Lvxferre [he/him]@mander.xyz · 21 天前

I’ve interacted with k0e3 in the past, they’re no LLM. Even then, a quick profile check shows it. But you didn’t check it, right? Of course you didn’t, it’s easier to vomit assumptions and re-eat your own vomit, right?

And the comment’s “tone” isn’t even remotely close to typical LLM output dammit. LLMs avoid words like “bullshit”, contracting “it is not” into “it’s not” (instead of “it isn’t”), or writing in first person. The only thing resembling LLM output is the em dash usage—but there are a thousand potential reasons for that.

(inb4 assumer claims I’m also an LLM because I just used an em dash and listed three items.)

Lvxferre [he/him]@mander.xyz · 1 个月前

I should apologise - I didn’t catch right off the bat that you were playing along the analogy.

Lvxferre [he/him]@mander.xyz · edit-2 1 个月前

If it is not a parody, the user got a serious answer. And if it is, I’m just playing along ;-)

(If it is a parody, it’s so good that it allows me to actually answer it as if it wasn’t.)

Lvxferre [he/him]@mander.xyz · edit-2 1 个月前

You don’t get it.

I do get it. And that’s why I’m disdainful towards all this “simulated reasoning” babble.

In the past, the brick throwing machine was always failing its target and nowadays it is almost always hitting near its target.

Emphasis mine: that “near” is a sleight of hand.

It doesn’t really matter if it’s hitting “near” or “far”; in both cases someone will need to stop the brick-throwing machine, get into the construction site (as if building a house manually), place the brick in the correct location (as if building a house manually), and then redo operations as usual.

In other words, “hitting near the target” = “failure to hit the target”.

And it’s obvious why it’s wrong; the idea that an auto-builder should throw bricks is silly. It should detect where the brick should be placed, and lay it down gently.

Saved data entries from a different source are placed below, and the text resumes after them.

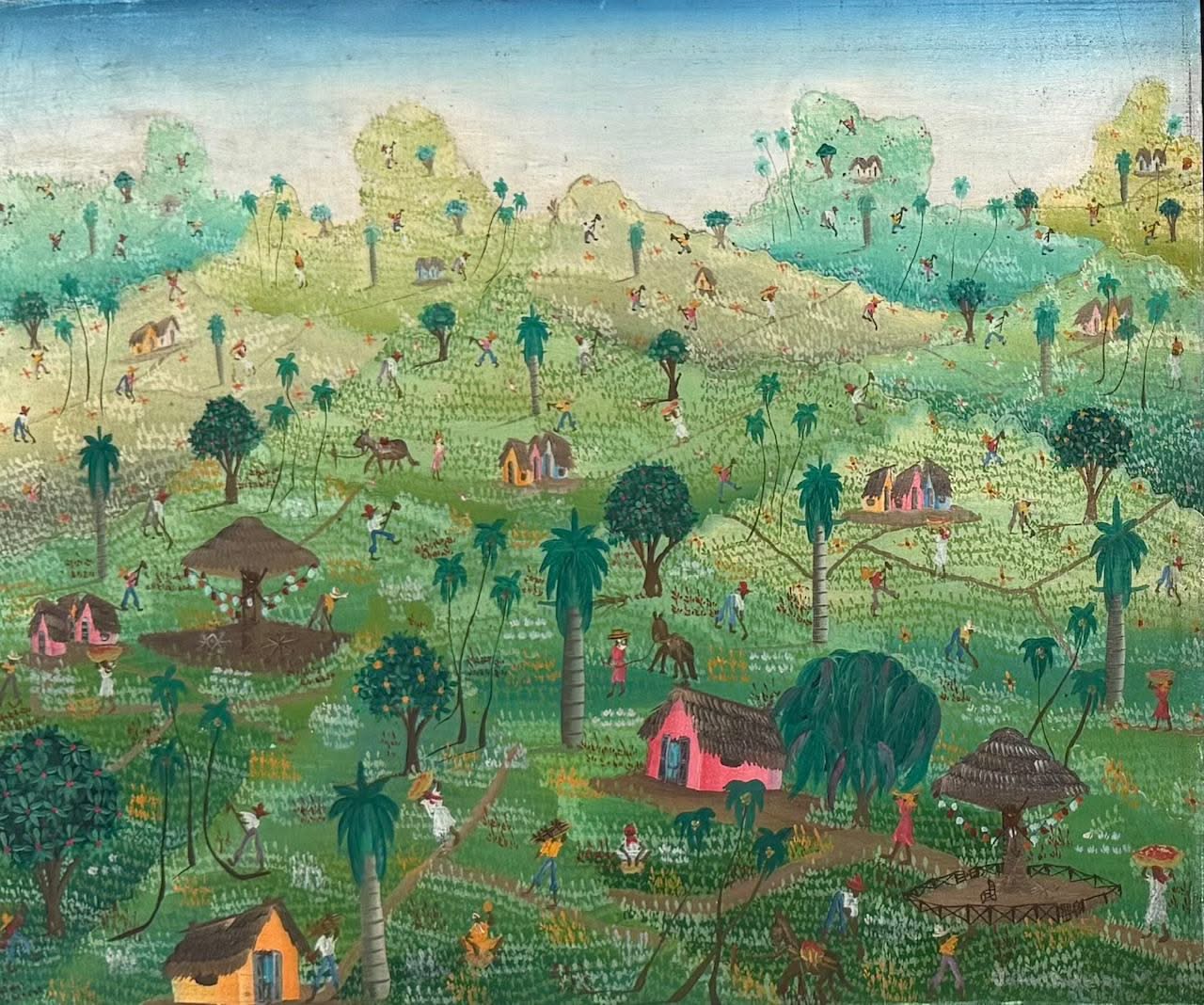 BUY NOW this primitive painting signed by the Haitian artist John Adeler Pierre. This painting represents a rural scene. It is an original oil on canvas and dated circa 1980.
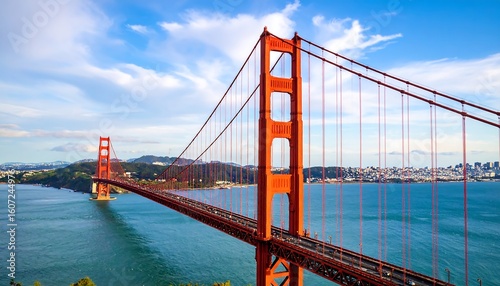 © Bara, Obraz premium Golden Gate Bridge spanning a bay, dramatic view
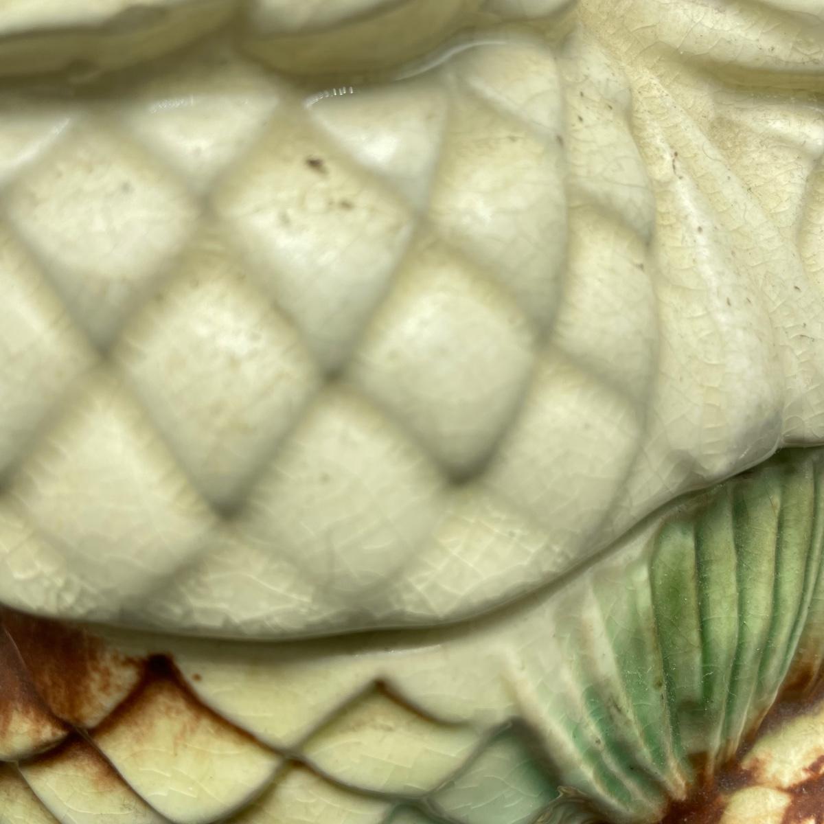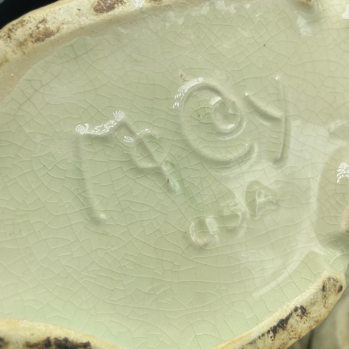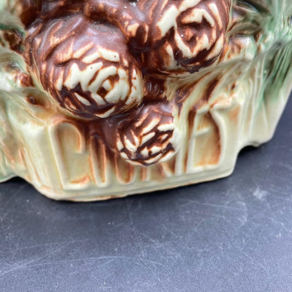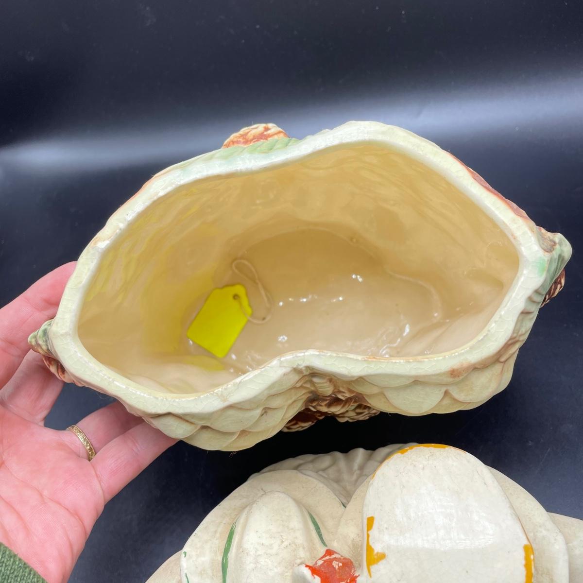Mid Century owl couple cookie jar from McCoy named “When Shadows Fall”. Jar has crazing throughout and some worn off paint, but it’s in great shape otherwise. Piece measures approximately 9” x 5” x 11”. Shipping available.
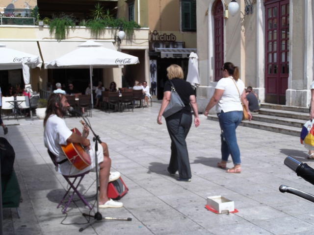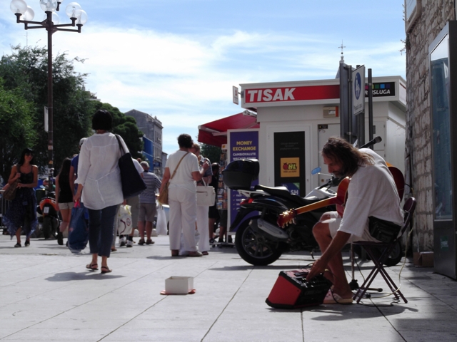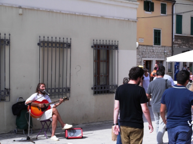Šibenčanima svaka čast. Jedini problem za uličnog svirača ovdje je sama konstrukcija grada. Ovdje prevladavaju uske uličice, vaše poznate kalete, gdje bih ja onda smetao stanovnicima koji tu žive, a to ne želim. Evo, ova lokacija koju sam uspio pronaći mi se čini sasvim dobra.

The same thing applies to those large token* models; they won’t reach anywhere close to reasoning, just like a brick-throwing machine won’t reach anywhere close to an automatic house builder.

*I’m calling it “large token model” instead of “large language model” to highlight another thing: those models don’t even model language fully, except in the brain of functionally illiterate tech bros who think language is just a bunch of words. Semantics and pragmatics are core parts of a language; you don’t have language if utterances don’t have meaning or purpose. The nearest of that LLMs do is to plop some mislabelled “semantic supplement” - because it’s a great red herring (if you mislabel something, you’re bound to get suckers confusing it with the real thing, and saying “I dun unrurrstand, they have semantics! Y u say they don’t? I is so confusion… lol lmao”).

It depends on how good you are asking the machine to throw bricks (you need to assume some will miss and correct accordingly).

If the machine relies on you to be an assumer (i.e. to make shit up, like a muppet), there’s already something wrong with it.

Eventually, brick throwing machines will get so good that they will rely on gravitational forces to place the bricks perfectly and auto-build houses.

To be blunt that stinks “wishful thinking” from a distance.

As I implied in the other comment (“Can house construction be partially automated? Certainly. Perhaps even fully. But not through a brick-throwing machine.”), I don’t think reasoning algorithms are impossible; but it’s clear LLMs are not the way to go.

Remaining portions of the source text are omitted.